### TASK DIRECTIONS:
Reproduction of part of the material below, pictures omitted: copy exactly, and only, the lines starting with the one with "上期开奖:福彩双色球第2026026奖号开出:02 09 16" and going on through the one with "9点35分,驻村扶贫工作队队".
═════ DATA RECORDS
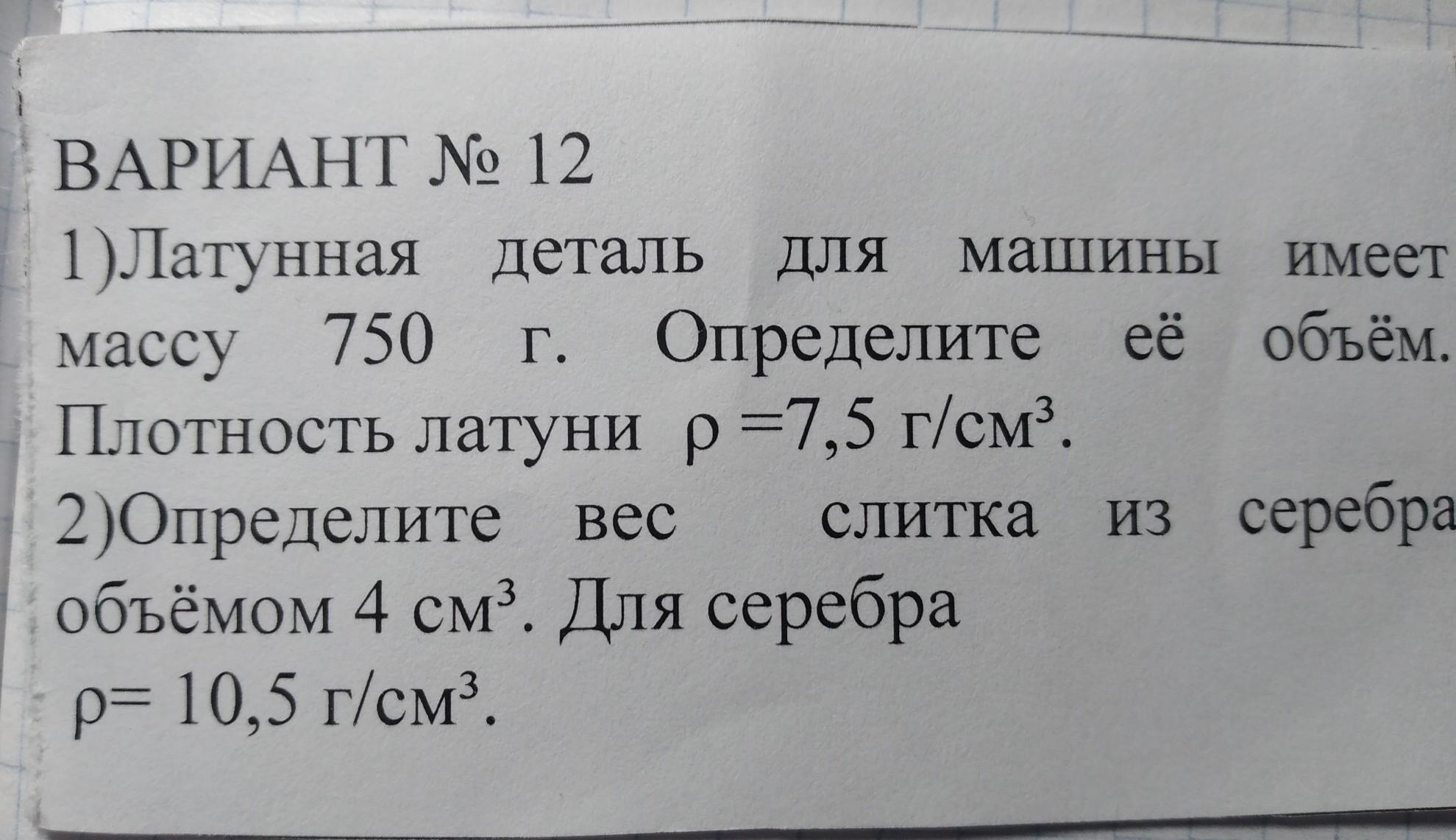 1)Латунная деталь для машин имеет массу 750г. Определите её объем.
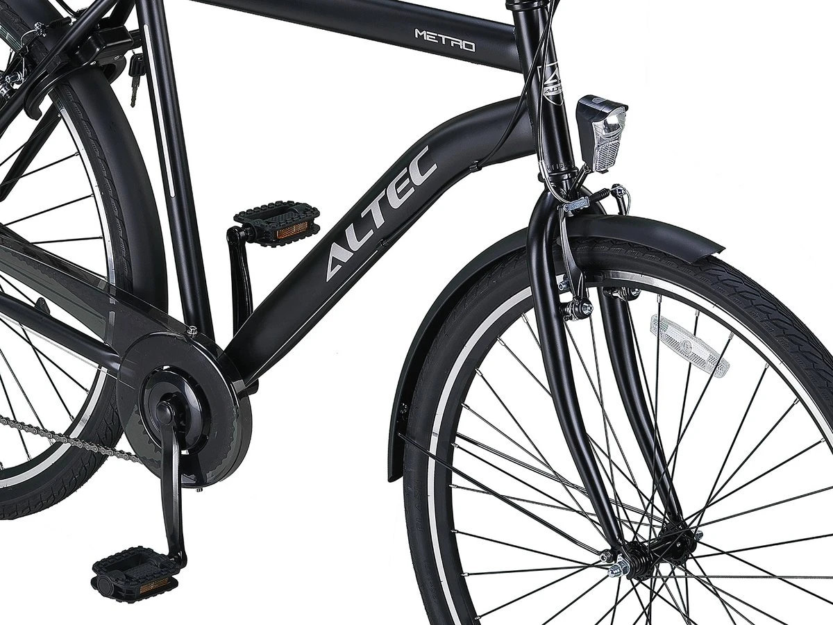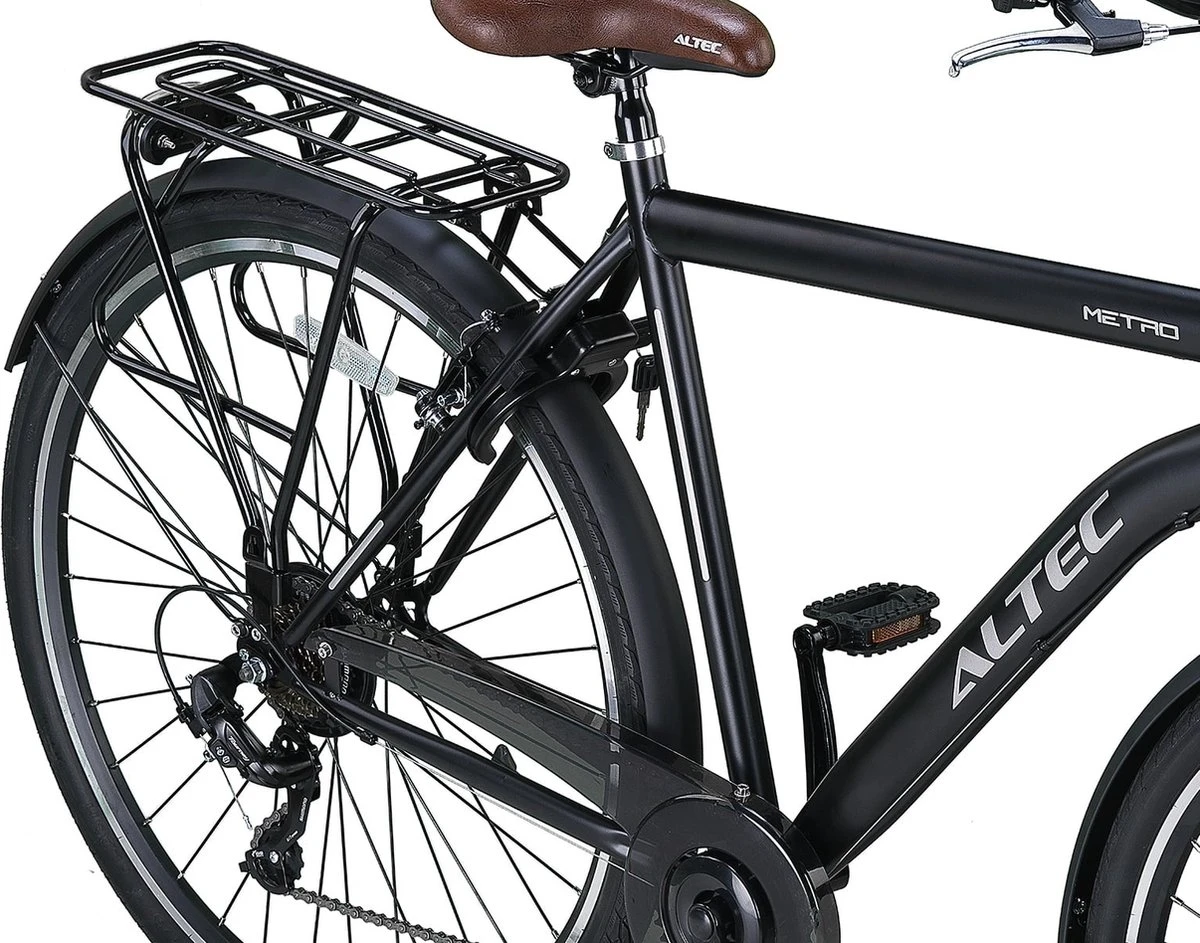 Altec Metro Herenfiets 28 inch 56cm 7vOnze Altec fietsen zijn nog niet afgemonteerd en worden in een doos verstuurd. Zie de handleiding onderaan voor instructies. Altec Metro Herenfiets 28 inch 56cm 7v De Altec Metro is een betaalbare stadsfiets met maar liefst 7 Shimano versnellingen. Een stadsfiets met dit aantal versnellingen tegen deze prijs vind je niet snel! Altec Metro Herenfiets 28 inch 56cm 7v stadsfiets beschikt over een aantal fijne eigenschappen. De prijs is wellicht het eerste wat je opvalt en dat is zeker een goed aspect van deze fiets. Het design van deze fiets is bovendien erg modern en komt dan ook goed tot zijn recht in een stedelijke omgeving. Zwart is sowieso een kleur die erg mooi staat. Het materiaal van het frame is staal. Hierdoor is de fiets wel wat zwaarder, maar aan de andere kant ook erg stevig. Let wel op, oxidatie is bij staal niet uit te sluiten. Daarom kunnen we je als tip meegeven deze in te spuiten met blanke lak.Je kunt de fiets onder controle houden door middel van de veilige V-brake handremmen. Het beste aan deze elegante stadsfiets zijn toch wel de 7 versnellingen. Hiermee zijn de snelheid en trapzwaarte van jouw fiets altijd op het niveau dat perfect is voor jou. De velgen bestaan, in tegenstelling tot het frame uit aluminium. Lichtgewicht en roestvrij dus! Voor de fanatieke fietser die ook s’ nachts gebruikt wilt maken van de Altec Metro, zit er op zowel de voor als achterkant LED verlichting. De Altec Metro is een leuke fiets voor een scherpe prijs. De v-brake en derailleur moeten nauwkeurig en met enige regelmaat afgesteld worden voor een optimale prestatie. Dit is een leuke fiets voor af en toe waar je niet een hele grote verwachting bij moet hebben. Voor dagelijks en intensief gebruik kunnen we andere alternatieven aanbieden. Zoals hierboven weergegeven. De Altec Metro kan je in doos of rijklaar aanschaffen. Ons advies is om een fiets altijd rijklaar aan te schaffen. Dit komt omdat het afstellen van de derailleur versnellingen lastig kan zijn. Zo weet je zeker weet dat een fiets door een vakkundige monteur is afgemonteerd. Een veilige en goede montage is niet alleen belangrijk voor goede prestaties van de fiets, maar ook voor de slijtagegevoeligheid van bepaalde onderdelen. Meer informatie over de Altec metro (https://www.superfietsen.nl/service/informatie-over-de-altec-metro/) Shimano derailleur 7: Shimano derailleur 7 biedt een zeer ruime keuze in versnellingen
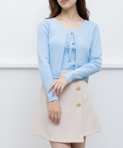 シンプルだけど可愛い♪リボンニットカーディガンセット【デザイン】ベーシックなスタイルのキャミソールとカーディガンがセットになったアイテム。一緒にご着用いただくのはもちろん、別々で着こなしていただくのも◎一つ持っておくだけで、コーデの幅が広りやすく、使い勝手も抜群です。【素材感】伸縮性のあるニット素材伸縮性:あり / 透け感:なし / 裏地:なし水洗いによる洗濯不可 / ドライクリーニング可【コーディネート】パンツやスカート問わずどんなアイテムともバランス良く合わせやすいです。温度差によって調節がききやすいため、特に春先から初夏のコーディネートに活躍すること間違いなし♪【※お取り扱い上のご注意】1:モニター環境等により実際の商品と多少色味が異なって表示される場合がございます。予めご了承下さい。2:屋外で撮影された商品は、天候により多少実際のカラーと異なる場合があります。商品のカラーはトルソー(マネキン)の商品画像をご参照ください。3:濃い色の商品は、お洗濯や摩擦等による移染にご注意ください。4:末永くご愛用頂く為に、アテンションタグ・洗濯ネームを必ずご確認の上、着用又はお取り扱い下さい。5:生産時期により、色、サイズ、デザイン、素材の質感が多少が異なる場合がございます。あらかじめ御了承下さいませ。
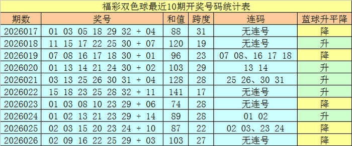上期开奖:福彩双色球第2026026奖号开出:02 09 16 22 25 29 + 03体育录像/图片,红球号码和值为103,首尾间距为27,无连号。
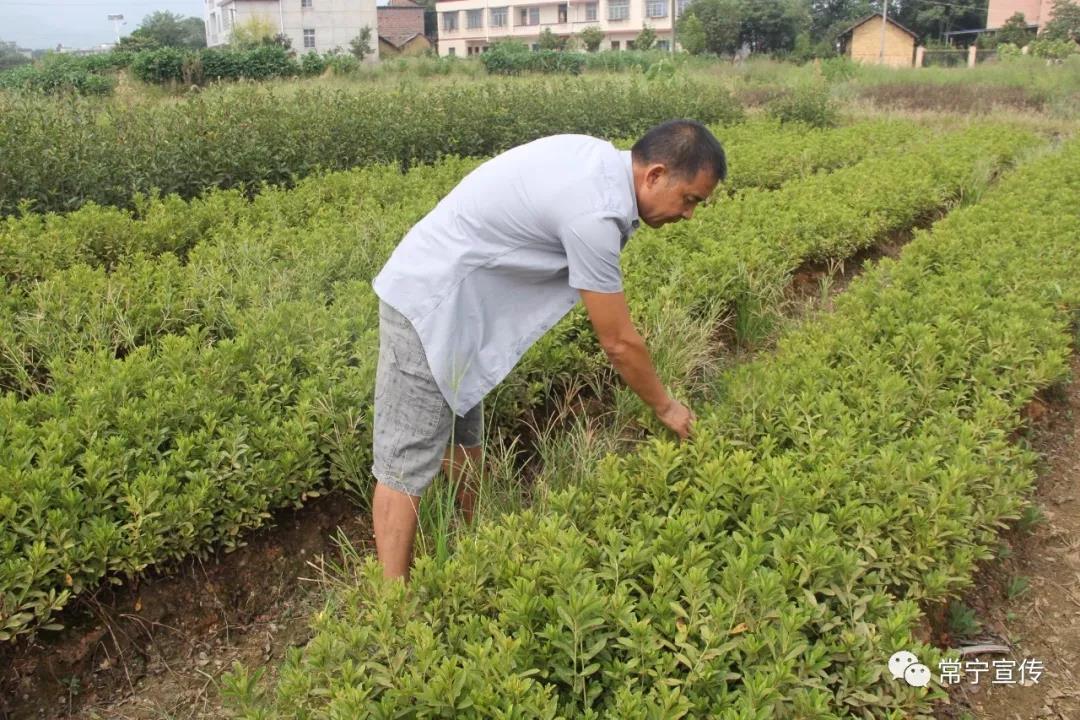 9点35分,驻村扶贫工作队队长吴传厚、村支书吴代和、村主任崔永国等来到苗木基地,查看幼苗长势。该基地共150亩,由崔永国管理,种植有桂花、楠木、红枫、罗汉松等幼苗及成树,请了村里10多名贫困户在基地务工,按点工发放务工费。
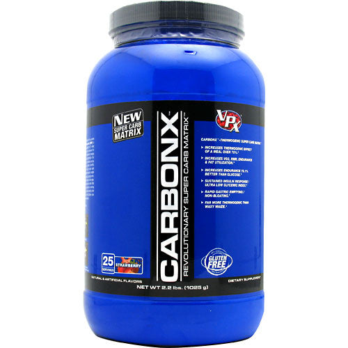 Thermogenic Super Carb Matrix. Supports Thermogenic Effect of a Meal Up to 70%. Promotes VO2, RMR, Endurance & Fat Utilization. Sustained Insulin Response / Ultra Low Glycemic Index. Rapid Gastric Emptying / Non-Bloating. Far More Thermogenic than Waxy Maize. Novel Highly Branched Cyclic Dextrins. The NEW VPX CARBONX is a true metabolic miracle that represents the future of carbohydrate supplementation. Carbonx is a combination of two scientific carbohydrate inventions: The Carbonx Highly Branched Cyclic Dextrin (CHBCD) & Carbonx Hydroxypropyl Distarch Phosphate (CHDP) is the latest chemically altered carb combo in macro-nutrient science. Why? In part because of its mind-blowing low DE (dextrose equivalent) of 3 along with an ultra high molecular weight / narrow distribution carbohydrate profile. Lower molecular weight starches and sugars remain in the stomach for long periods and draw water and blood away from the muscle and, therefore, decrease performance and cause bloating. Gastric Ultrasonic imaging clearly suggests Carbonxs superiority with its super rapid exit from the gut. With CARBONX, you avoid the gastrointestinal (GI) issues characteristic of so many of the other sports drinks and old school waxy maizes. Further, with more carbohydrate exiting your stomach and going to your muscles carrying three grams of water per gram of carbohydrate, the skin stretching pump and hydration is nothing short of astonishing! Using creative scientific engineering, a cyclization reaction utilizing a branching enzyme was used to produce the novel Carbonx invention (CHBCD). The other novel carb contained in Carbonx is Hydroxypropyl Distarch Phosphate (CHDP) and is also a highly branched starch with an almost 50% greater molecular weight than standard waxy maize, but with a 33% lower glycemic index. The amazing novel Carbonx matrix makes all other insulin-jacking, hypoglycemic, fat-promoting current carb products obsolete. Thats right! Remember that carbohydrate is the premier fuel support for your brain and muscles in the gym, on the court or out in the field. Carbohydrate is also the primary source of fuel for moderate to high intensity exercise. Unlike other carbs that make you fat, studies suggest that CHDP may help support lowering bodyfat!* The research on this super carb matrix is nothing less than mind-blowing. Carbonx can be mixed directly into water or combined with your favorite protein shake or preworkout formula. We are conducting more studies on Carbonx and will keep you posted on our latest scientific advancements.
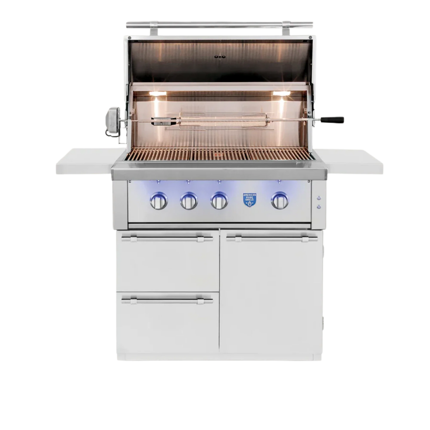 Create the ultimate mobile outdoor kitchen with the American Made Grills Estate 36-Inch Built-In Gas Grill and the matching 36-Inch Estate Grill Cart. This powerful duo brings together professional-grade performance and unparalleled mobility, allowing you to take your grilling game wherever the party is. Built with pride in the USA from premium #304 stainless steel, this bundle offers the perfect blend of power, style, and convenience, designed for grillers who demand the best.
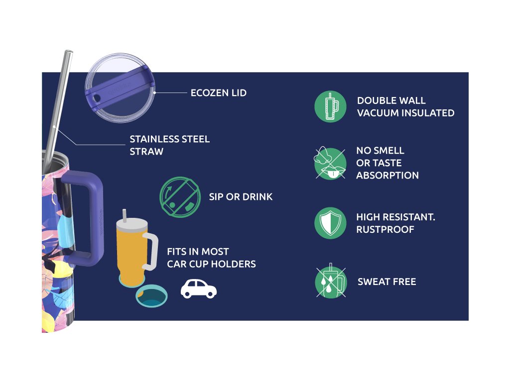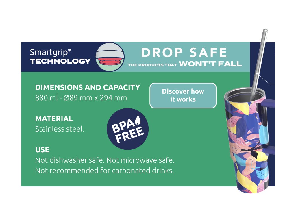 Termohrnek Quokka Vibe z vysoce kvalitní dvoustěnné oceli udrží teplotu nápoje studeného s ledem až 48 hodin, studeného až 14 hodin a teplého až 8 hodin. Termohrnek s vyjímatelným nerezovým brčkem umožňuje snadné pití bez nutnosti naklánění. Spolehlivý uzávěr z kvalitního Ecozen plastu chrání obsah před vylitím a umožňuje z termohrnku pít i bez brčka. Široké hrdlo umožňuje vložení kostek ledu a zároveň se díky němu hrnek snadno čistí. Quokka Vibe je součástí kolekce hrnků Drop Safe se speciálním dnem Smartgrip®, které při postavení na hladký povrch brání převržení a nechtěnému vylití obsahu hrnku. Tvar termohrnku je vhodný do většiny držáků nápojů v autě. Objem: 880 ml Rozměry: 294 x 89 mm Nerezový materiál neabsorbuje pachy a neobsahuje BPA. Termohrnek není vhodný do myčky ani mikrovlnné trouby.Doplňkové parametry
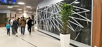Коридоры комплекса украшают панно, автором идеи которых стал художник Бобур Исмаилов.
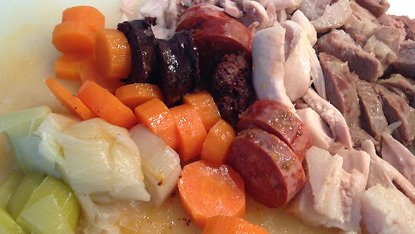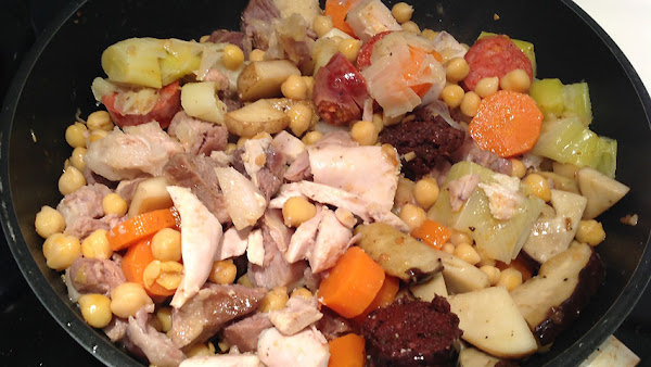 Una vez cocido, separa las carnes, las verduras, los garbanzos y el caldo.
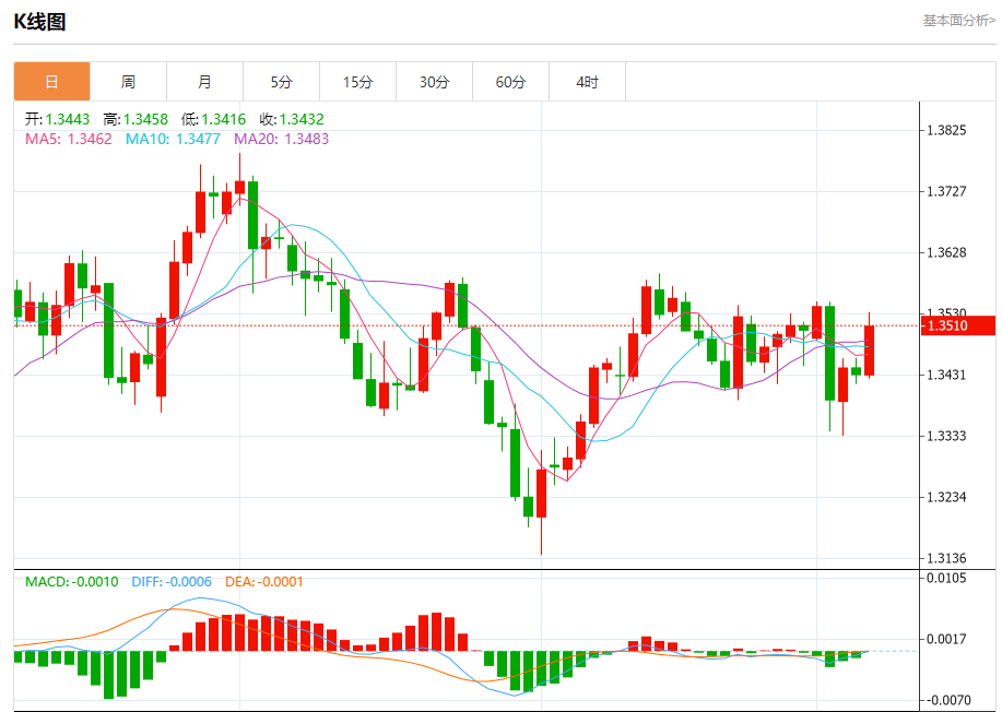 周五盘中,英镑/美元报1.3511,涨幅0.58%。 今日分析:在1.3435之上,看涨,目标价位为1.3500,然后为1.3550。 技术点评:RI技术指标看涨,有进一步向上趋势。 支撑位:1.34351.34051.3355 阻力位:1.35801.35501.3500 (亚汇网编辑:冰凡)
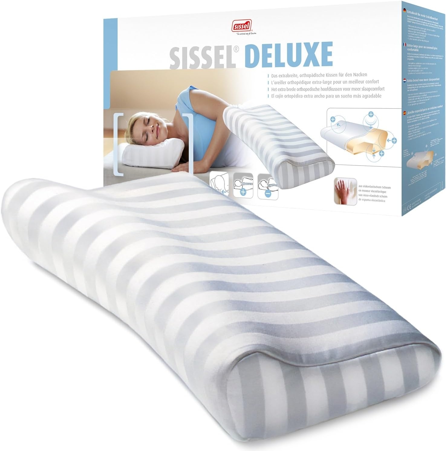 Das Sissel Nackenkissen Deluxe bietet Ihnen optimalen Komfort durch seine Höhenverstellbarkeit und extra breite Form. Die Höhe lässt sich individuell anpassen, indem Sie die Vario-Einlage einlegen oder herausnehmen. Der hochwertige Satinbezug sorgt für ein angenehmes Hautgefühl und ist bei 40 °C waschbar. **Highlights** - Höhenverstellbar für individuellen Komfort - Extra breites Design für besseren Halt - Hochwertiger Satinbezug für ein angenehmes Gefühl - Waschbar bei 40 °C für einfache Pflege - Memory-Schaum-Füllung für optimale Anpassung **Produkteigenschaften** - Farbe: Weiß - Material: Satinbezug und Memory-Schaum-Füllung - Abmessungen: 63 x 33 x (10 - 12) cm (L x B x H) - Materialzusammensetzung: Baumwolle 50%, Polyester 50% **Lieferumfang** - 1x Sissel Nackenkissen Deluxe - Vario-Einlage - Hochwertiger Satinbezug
══════════
### PROBLEM SOLUTION:
上期开奖:福彩双色球第2026026奖号开出:02 09 16 22 25 29 + 03体育录像/图片,红球号码和值为103,首尾间距为27,无连号。
 9点35分,驻村扶贫工作队队长吴传厚、村支书吴代和、村主任崔永国等来到苗木基地,查看幼苗长势。该基地共150亩,由崔永国管理,种植有桂花、楠木、红枫、罗汉松等幼苗及成树,请了村里10多名贫困户在基地务工,按点工发放务工费。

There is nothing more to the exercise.